J Hear Sci 2012;2(4):58-60
 
ABSTRACT
Background:
Hearing necessarily involves top-down influences on the sensory signals provided by bottom-up information from the ear. The top-down influences include elements of attention, memory, motivation, emotion, and learning, deriving from many regions of the cerebral cortex. They exert their influence via intra-cortical networks and auditory efferent pathways that extend back down the auditory system, right out to the ear. These ‘cognitive’ contributions to hearing affect sound detection, hearing-in-noise, and short- and long-term experiential modulation. Difficulty in speech perception in noisy environments (SiN) is the most common complaint that people of all ages and hearing levels make about their hearing. We review here aspects of those difficulties.

Methods:
Studies considered recruited children and older adults with normal audiograms. Tests included speech-in-noise, cognition, and remote delivery via the internet. Interventions included wireless devices and training.

Results:
For those with cochlear hearing loss, reduced sensitivity and broadened spectral and temporal processing contribute to poor speech perception in quiet and in noise. But for SiN, the nature of the noise is also important. Typically, able young adults can benefit from amplitude-modulated noise as it enables them to listen into the dips of the noise. They also benefit from a spatial separation between the target speech and the noise. However, those with reduced cognitive capabilities, notably children (especially those with learning difficulties), receive less benefit in these conditions.

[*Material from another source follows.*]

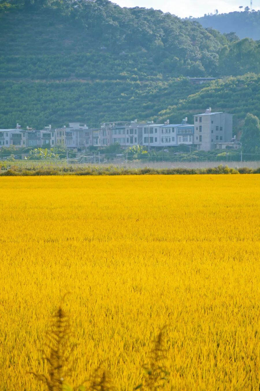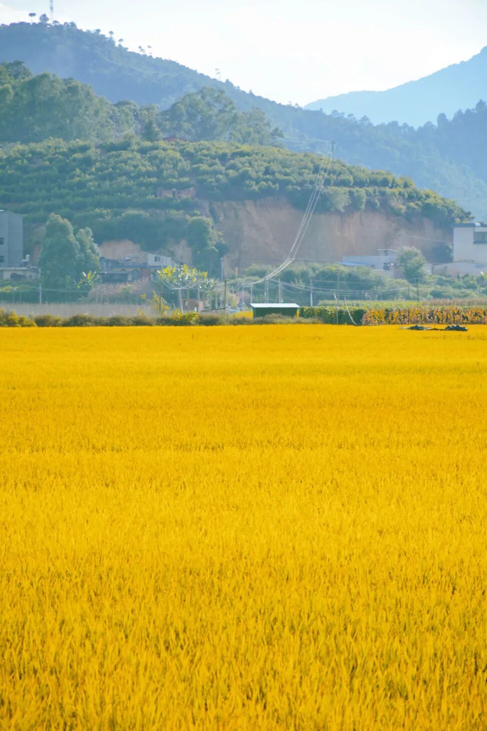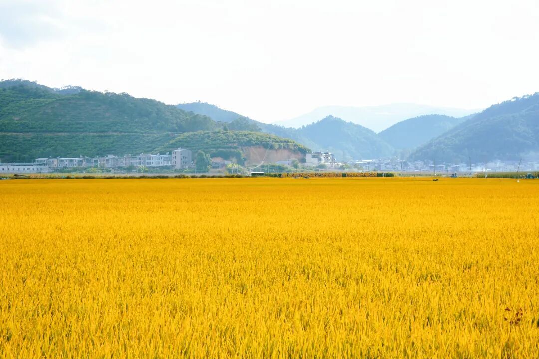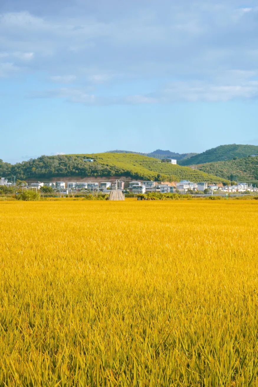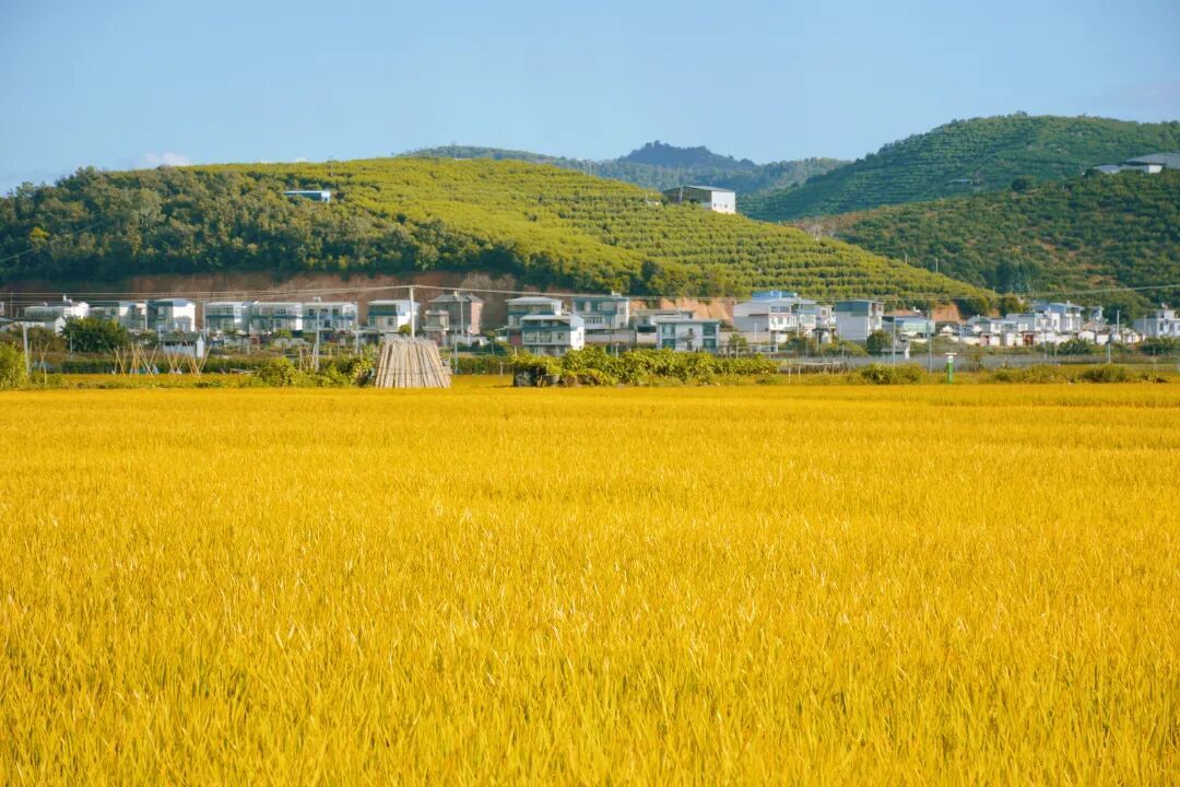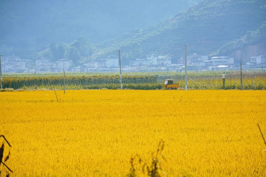 深秋时节,异龙湖畔的稻田黄了。

Older people have a high prevalence of both cochlear hearing loss and cognitive impairment. While these problems often occur together, and may be supraadditive and causally connected, they can also occur independently. We review studies showing that those (rare) older people with normal hearing sensitivity nevertheless have impaired SiN for both modulated and unmodulated noises, but older listeners show normal benefit from listening into the energetic minima of a fluctuating noise.

Discussion:
Effective interventions to improve SiN in older people are likely to include reduction of room reverberation, instruction on viewing important sound sources, improved signal to noise (e.g. Bluetooth, FM), onset enhancement, directional microphones on hearing devices, and auditory training. Training should emphasise engagement with the target sound and is best achieved through the use of highly motivating exercises. These may involve the use of social engagement and salient signals (e.g. talk radio) that are also likely to enhance general cognitive well-being.

Conclusions:
The reviewed studies – of development of hearing in children, of SiN perception in older adults, and of intervention – emphasise the role of top-down, cognitive factors in hearing, hearing impairment, and rehabilitation.